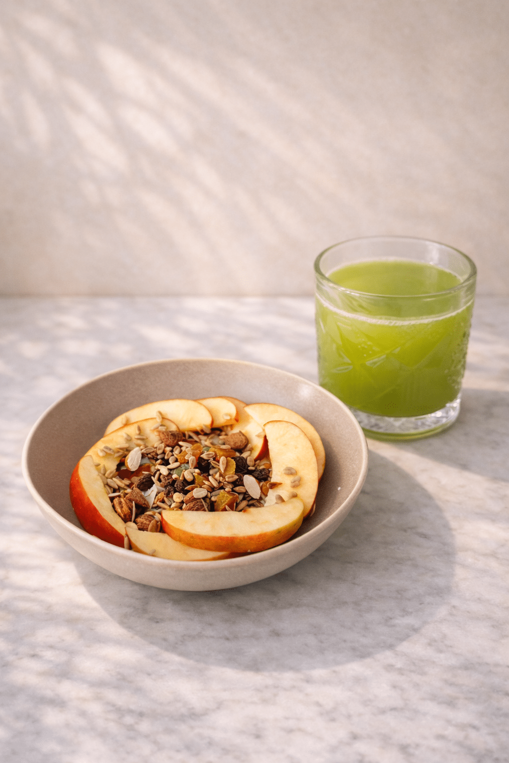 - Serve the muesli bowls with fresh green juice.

* * *

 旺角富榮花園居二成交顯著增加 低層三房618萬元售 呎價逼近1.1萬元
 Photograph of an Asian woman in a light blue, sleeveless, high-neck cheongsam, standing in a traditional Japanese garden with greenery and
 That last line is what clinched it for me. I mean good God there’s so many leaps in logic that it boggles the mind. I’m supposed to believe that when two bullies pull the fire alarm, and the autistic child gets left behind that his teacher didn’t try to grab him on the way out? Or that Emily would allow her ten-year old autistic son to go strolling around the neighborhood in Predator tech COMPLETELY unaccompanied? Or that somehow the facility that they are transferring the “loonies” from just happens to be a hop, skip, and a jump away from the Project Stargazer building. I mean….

Directions for this task: Take from the material above the lines running from the one with "旺角富榮花園居二成交顯著增加 低層三房618萬元售 呎價逼近1.1萬元" through the one with "That last line", and repeat them exactly, with nothing else.

Task answer:
 旺角富榮花園居二成交顯著增加 低層三房618萬元售 呎價逼近1.1萬元
 Photograph of an Asian woman in a light blue, sleeveless, high-neck cheongsam, standing in a traditional Japanese garden with greenery and
 That last line is what clinched it for me. I mean good God there’s so many leaps in logic that it boggles the mind. I’m supposed to believe that when two bullies pull the fire alarm, and the autistic child gets left behind that his teacher didn’t try to grab him on the way out? Or that Emily would allow her ten-year old autistic son to go strolling around the neighborhood in Predator tech COMPLETELY unaccompanied? Or that somehow the facility that they are transferring the “loonies” from just happens to be a hop, skip, and a jump away from the Project Stargazer building. I mean….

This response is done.